### PROBLEM REQUIREMENTS
With pictures left out, output exactly the lines of the listing below from the line that has "4月28日下午,计算机公司党" to the line that has "ジューシーな鶏肉を、にんにく", both lines kept.

### SOURCE MATERIAL
----

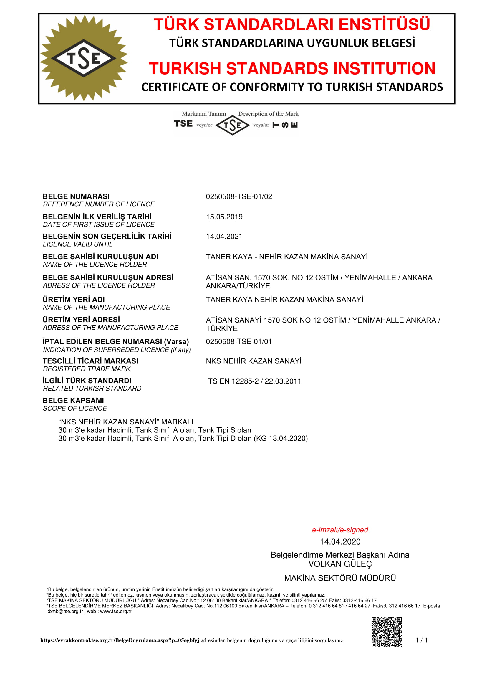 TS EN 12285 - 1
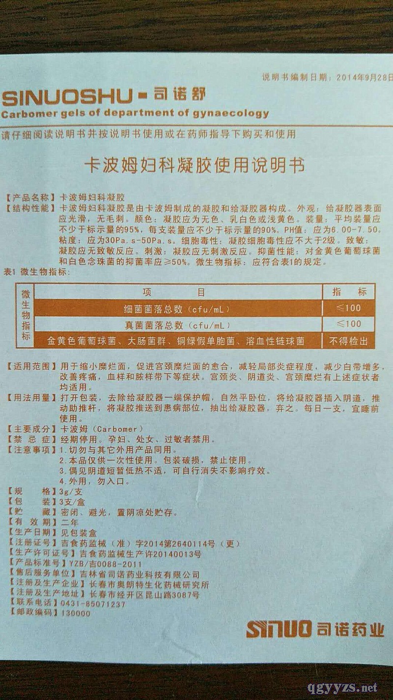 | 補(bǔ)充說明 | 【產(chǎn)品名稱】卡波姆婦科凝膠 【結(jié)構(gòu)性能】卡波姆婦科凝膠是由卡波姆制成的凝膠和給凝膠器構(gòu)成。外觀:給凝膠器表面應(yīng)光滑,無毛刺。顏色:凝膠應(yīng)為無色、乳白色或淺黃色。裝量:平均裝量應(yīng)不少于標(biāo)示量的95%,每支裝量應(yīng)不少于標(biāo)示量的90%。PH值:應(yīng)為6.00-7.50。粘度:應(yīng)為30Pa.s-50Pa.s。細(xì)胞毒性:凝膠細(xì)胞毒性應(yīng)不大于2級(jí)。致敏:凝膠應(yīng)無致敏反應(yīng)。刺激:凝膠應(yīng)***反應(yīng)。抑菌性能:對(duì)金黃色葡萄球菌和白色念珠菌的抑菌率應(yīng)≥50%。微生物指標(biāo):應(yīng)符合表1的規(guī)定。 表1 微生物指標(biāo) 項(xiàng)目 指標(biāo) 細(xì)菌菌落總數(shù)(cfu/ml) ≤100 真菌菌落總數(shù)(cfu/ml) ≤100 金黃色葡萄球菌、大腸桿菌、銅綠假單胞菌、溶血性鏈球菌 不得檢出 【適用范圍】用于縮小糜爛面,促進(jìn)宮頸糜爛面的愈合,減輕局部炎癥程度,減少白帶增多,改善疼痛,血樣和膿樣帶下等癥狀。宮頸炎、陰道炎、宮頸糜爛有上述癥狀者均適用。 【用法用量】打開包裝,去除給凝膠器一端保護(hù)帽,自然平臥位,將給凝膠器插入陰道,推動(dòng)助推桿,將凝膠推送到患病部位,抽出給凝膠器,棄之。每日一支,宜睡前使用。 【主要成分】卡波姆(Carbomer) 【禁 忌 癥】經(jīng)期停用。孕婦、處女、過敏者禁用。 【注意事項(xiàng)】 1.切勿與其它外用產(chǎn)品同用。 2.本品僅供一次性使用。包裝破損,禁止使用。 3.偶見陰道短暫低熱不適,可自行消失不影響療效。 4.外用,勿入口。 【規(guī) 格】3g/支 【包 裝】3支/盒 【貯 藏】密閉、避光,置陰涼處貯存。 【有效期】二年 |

----

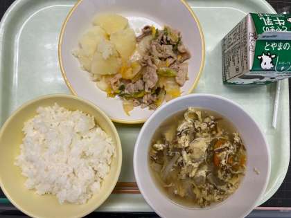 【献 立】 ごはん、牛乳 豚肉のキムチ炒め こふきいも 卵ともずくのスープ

----

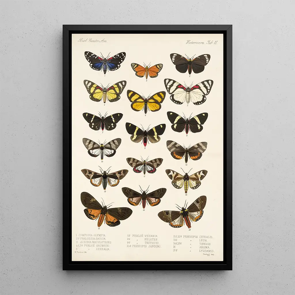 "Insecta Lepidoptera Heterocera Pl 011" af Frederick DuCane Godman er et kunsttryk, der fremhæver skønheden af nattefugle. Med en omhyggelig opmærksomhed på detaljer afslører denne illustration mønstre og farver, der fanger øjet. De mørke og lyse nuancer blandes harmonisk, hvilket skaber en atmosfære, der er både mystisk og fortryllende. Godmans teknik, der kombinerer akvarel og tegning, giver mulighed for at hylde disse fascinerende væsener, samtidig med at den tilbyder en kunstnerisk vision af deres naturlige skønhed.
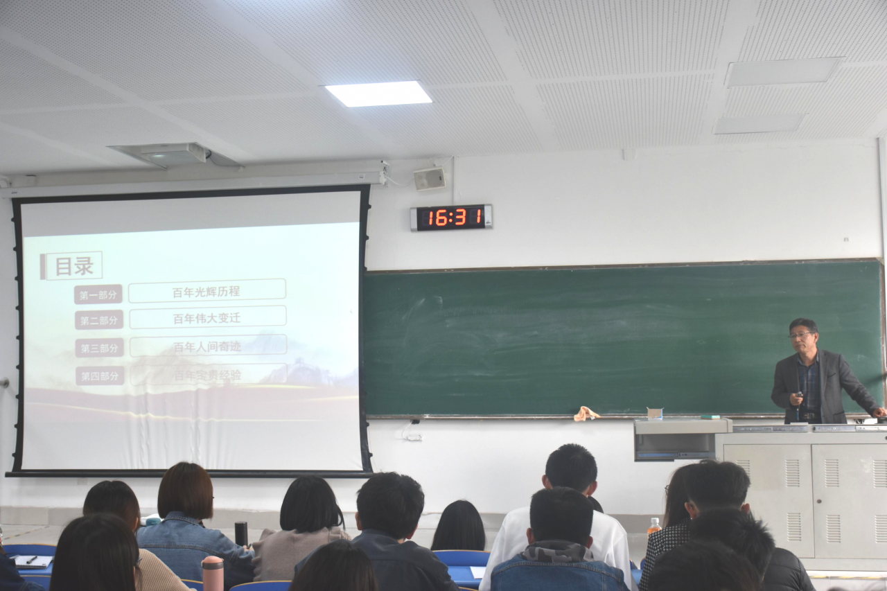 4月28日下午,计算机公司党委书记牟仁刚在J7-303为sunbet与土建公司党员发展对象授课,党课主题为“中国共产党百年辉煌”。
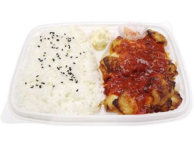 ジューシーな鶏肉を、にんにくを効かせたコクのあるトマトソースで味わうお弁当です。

----

### EXERCISE OUTPUT
 4月28日下午,计算机公司党委书记牟仁刚在J7-303为sunbet与土建公司党员发展对象授课,党课主题为“中国共产党百年辉煌”。
 ジューシーな鶏肉を、にんにくを効かせたコクのあるトマトソースで味わうお弁当です。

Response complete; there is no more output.